Dataset excerpt:
****************************************

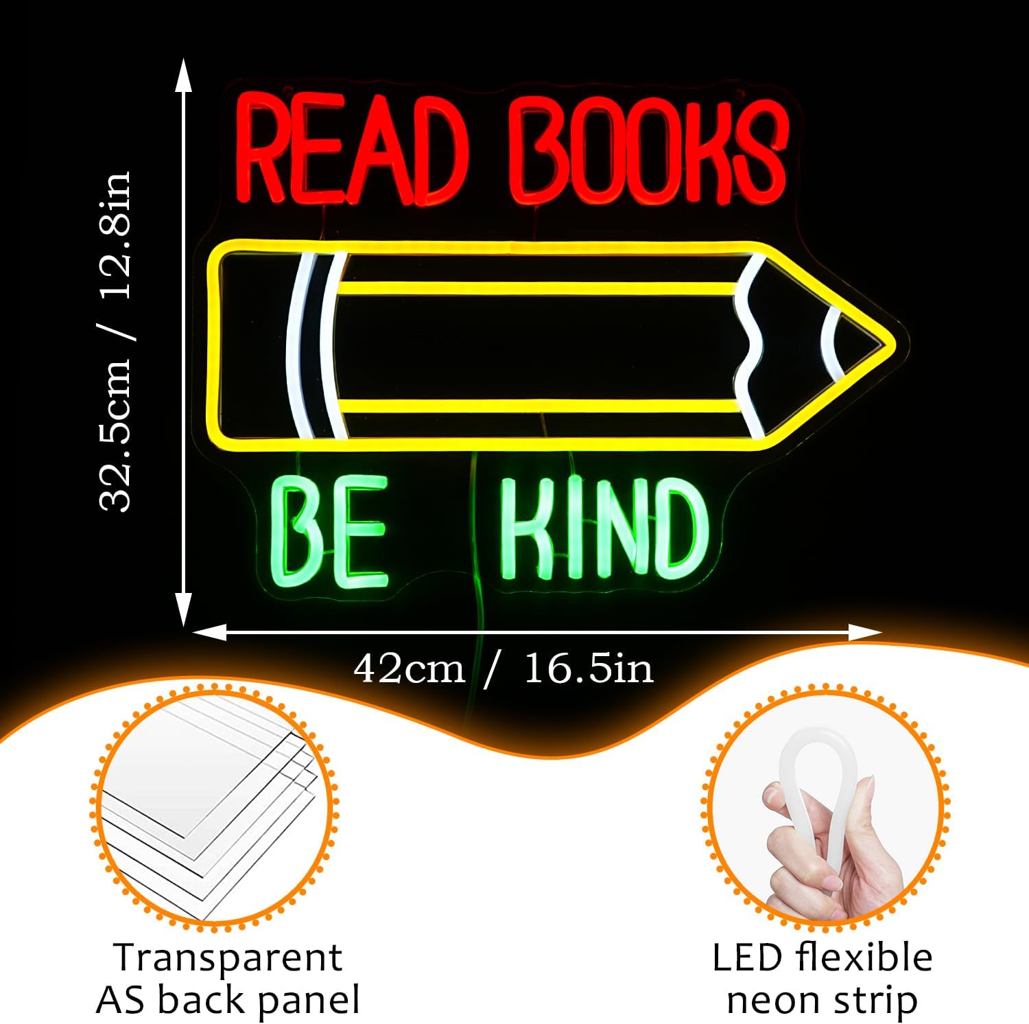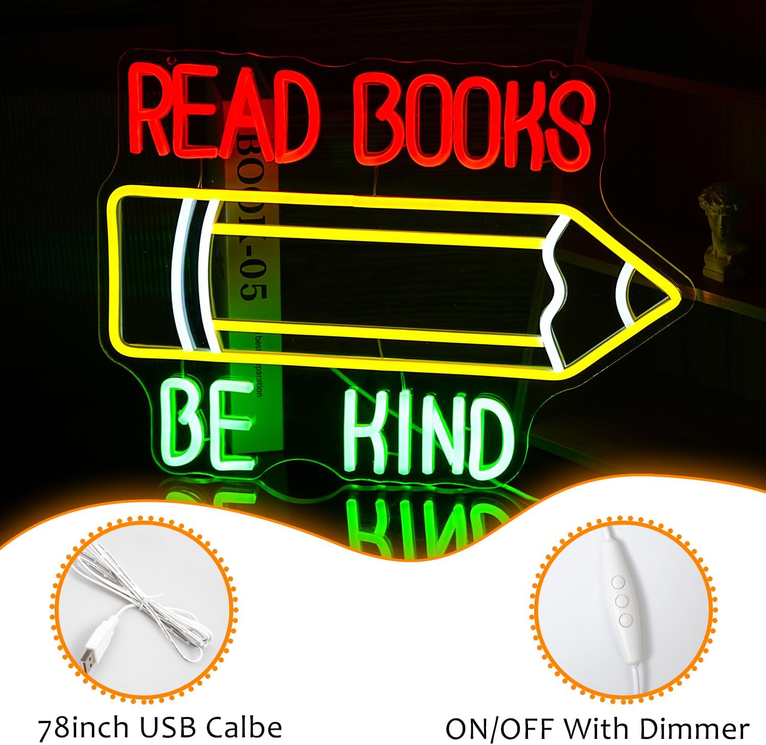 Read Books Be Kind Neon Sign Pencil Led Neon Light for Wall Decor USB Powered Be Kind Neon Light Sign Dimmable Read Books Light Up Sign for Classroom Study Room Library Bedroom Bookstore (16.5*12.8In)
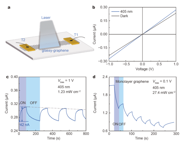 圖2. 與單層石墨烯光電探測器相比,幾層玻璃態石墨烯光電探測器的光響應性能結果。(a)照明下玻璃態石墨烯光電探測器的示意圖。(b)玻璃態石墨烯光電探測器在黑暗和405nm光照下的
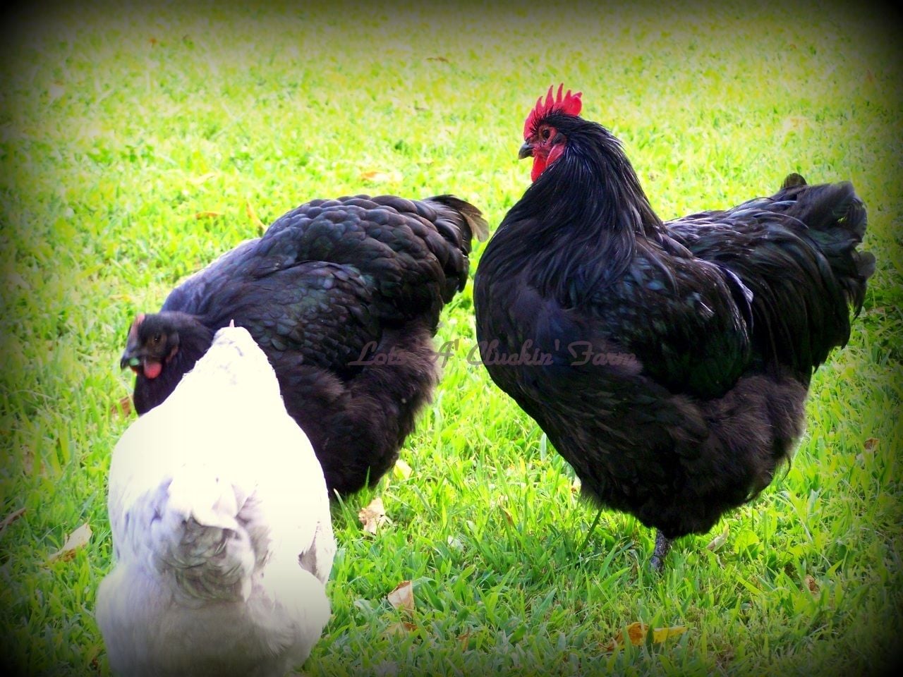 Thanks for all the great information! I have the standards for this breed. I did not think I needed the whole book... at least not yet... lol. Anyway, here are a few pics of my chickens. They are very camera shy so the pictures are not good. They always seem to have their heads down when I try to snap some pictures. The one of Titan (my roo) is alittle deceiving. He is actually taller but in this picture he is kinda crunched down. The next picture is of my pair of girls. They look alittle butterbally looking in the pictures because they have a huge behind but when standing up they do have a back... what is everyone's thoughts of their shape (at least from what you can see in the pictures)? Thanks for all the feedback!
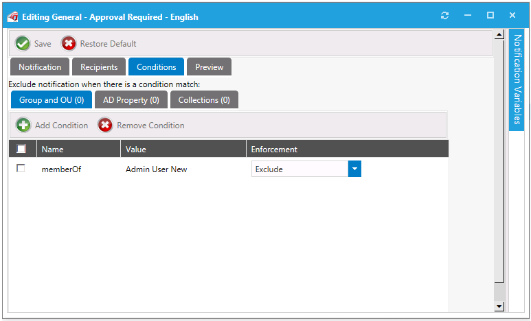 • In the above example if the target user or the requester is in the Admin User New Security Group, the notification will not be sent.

****************************************

What the task asks:
All lines from the first in the listing above to the line containing "圖2. 與單層石墨烯光電探測", inclusive, go in the output exactly as they are; no pictures go in.

The answer:
 Read Books Be Kind Neon Sign Pencil Led Neon Light for Wall Decor USB Powered Be Kind Neon Light Sign Dimmable Read Books Light Up Sign for Classroom Study Room Library Bedroom Bookstore (16.5*12.8In)
 圖2. 與單層石墨烯光電探測器相比,幾層玻璃態石墨烯光電探測器的光響應性能結果。(a)照明下玻璃態石墨烯光電探測器的示意圖。(b)玻璃態石墨烯光電探測器在黑暗和405nm光照下的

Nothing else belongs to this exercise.